Retype every line from the start of the data down to and including the line with "图. 在低温下,当电流与磁场". Skip the pictures.
------------------------
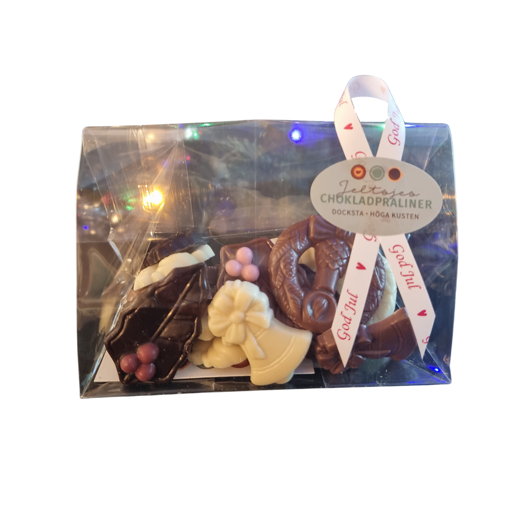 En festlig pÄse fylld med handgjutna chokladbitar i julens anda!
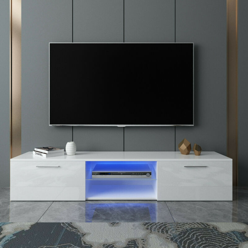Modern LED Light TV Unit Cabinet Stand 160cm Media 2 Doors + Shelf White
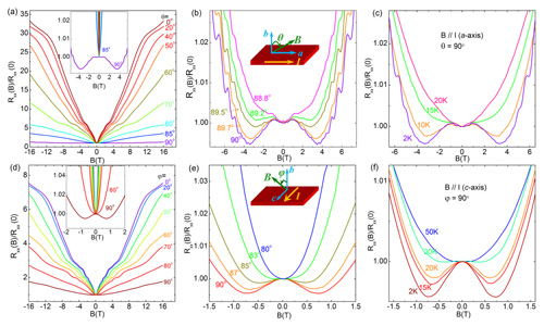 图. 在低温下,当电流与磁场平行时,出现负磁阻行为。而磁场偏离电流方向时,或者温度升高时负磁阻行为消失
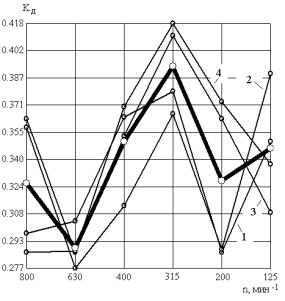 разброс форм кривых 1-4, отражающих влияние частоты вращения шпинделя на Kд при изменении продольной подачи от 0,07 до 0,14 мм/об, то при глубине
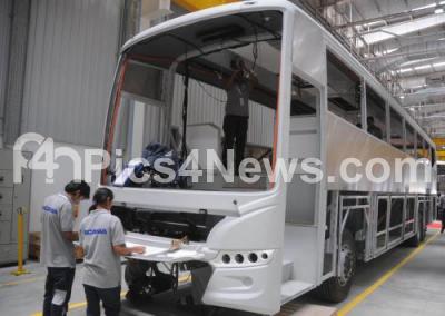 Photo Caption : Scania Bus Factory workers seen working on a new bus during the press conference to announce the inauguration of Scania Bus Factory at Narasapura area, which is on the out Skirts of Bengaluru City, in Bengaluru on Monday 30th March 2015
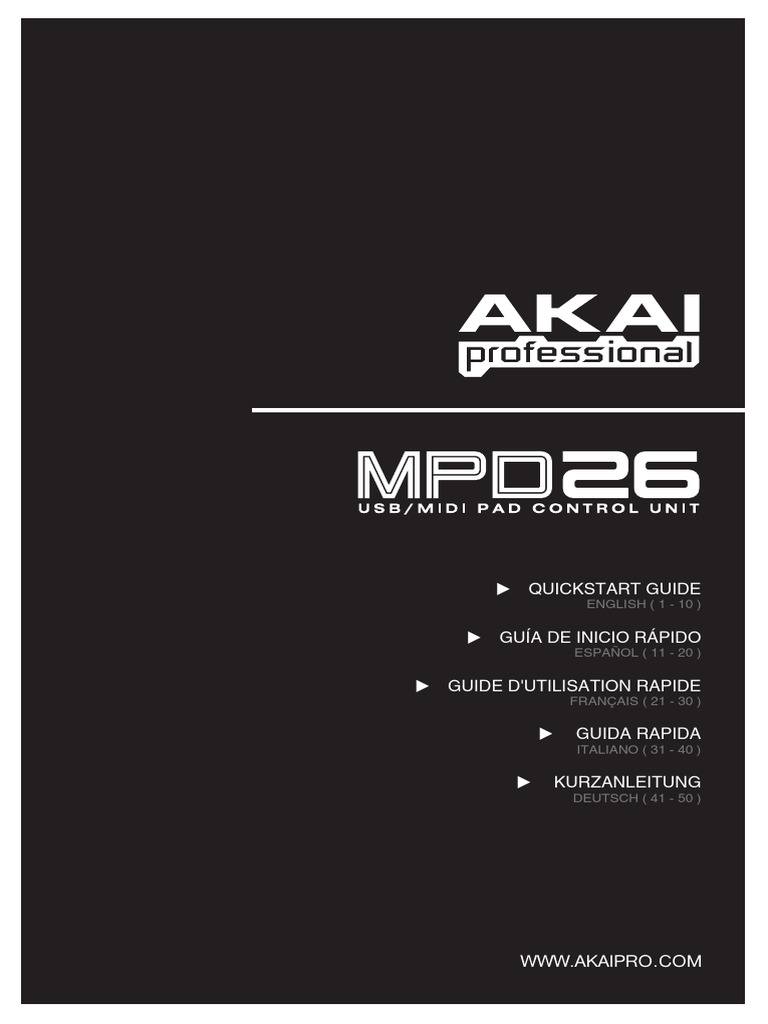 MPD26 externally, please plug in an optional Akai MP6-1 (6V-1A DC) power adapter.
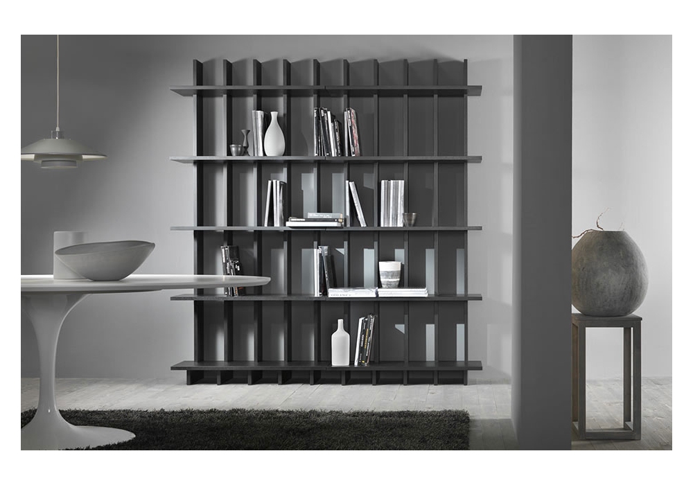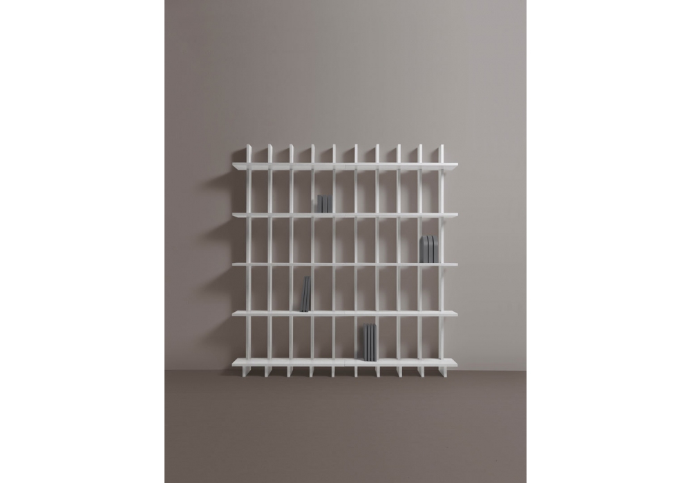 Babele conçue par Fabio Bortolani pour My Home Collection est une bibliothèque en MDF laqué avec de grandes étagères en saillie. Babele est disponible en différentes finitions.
------------------------
> [EXERCISE RESULT]:
 En festlig pÄse fylld med handgjutna chokladbitar i julens anda!
Modern LED Light TV Unit Cabinet Stand 160cm Media 2 Doors + Shelf White
 图. 在低温下,当电流与磁场平行时,出现负磁阻行为。而磁场偏离电流方向时,或者温度升高时负磁阻行为消失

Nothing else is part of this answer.